_ACTIVITY_. Your answer must be an exact copy of the listing that follows, with all pictures omitted.

_PROVIDED MATERIAL_.
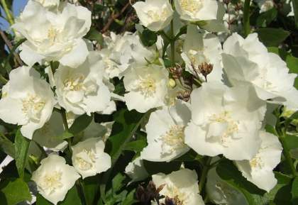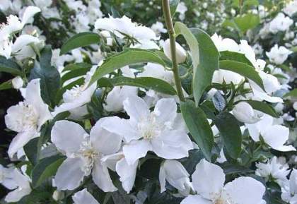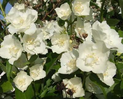 Замечательные новинки в разделе чубушников. У каждого сорта свои плюсы. В основном, кусты невысокие, до 200 см. Цветки разнообразные — помпоны, колокольчики, тарелочки. Генералиссимус отличается огромными звездами до 10 см в диаметре, а Крем-брюле очаровательной желтоватой окраской лепестков. Если ищете совершенства — для вас густомахровый сорт, который так и называется — Совершенство.
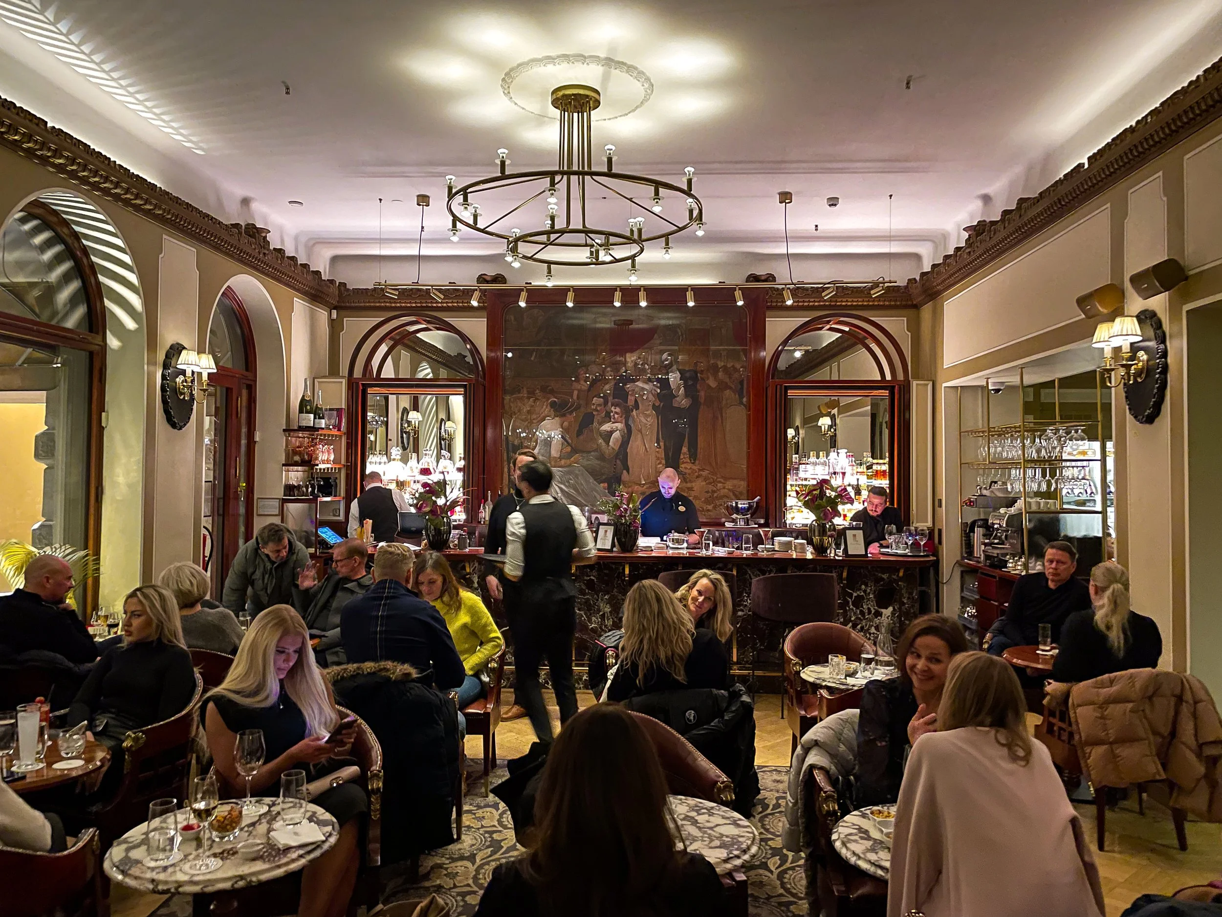 Hotel Kamp Bar. A luxury hotel lobby bar in a warmly lit and historic setting dating back to 1887. Come here for classic cocktails.
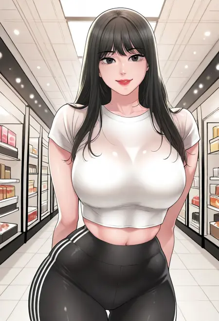 2. ((黑色边缘短袖白色露脐上衣,露腹,侧面有白色条纹的黑色瑜伽裤,))

_SOLUTION TO THE EXERCISE_.
 Замечательные новинки в разделе чубушников. У каждого сорта свои плюсы. В основном, кусты невысокие, до 200 см. Цветки разнообразные — помпоны, колокольчики, тарелочки. Генералиссимус отличается огромными звездами до 10 см в диаметре, а Крем-брюле очаровательной желтоватой окраской лепестков. Если ищете совершенства — для вас густомахровый сорт, который так и называется — Совершенство.
 Hotel Kamp Bar. A luxury hotel lobby bar in a warmly lit and historic setting dating back to 1887. Come here for classic cocktails.
 2. ((黑色边缘短袖白色露脐上衣,露腹,侧面有白色条纹的黑色瑜伽裤,))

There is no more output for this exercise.